When to create Replicas
We would love to be able to say that every elastic share can handle up to 10,000 users and each user elastic share can handle up to 5000 users. However, it doesn’t really work that way because all users use these infrastructure components differently as do all applications.
Therefore, a standard engineering approach should be taken with deployment of elastic shares for Apps and Users. First create a standard design that assumes you will require multiple shares for both Apps and Users. Then create an initial share for each. If you know you are going to scale fairly quickly create more than one of each. For app layers define the mechanism that will be used to replicate the elastic applications shares and implement it. Create your GPO or GPP settings and define how to separate desktops into different OU’s.

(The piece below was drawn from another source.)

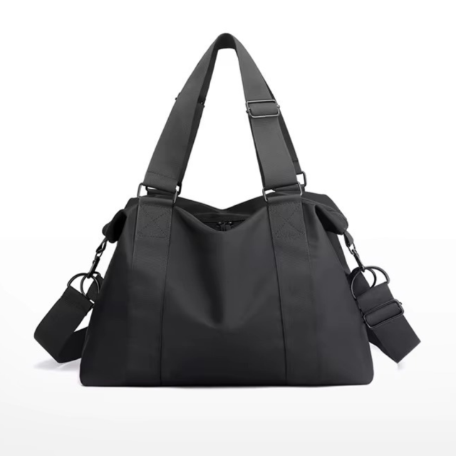 Стильная и практичная сумка из прочной оксфордской ткани в черном цвете — идеальный вариант для тренировок, поездок и повседневного использования. Компактный размер (32x13x25 см) делает её удобной для ношения в руке или на плече благодаря длинным ручкам и регулируемому ремню. Лаконичный дизайн дополнен внешним карманом на молнии для быстрого доступа к мелочам, а плотный водоотталкивающий материал надежно защищает содержимое от влаги и загрязнений.

Now you are ready for initial deployment. Start small with a pilot. Analyze the load both read/write on the shares/storage. Add users to the deployment in some definable way meaning by Department, Group, organization, alphabetically and so on. As you add users monitor network and storage IO and as IO becomes too high or performance is actually impacted move some users/machine to a new share and grow there. As you grow you will have a much better idea of your requirements.
User Layer Size
A user layer by default will be created by first checking the user layer share to see if there is a quota defined for the user. If a quota is defined then the user layer will be configured to be a maximum of that size. If no quota is defined and no over-ride is defined then the user layer will be set to a max size of 10GB.
In order to have quota affect User Layer sizing it must be a hard quota. We have tested Microsoft's quota tools; File Server Resource Manager (FSRM) and Quota Manager.
The quota must be set on the User Layer directory meaning the one named “Users”.
Note: Changing the quota (increasing or decreasing) only impacts new User Layers. The maximum size of existing User Layers was previously set and will remain unchanged when the quota is updated.
It is possible to over-ride the default User Layer max size using the registry on Managed Machines. The following keys are optional and do not need to be configured for normal operation. If needed they must be added manually using a layer or a GPO/GPP.
Registry Root: HKLM\Software\Unidesk\Ulayer
|True to enable discovery and use of quotas.
False to disable.
|DefaultUserLayerSizeInGb||DWord||User defined||The size of the user layer in GB (E.g. 5, 10, 23, etc.) When not specified the default is 10.|
|QuotaQuerySleepMS||DWord||User defined||The number of milliseconds to wait after creating the directory for the user layer before checking to see if it has a quota. This is necessary to give some quota systems time to apply the quota to the new directory (FSRM requires this). When not specified the default is 1000|
User Layer Backup
If you plan to back up user writable disks determine the method that will be used for that. These disks will be locked for write much of the time. You could create a script to check over-night and copy the VHD if it’s not mounted. You can also use something like SAN replication at the storage level. These disks can be very large so it may be challenging to copy them using a script. San replication would be much more efficient.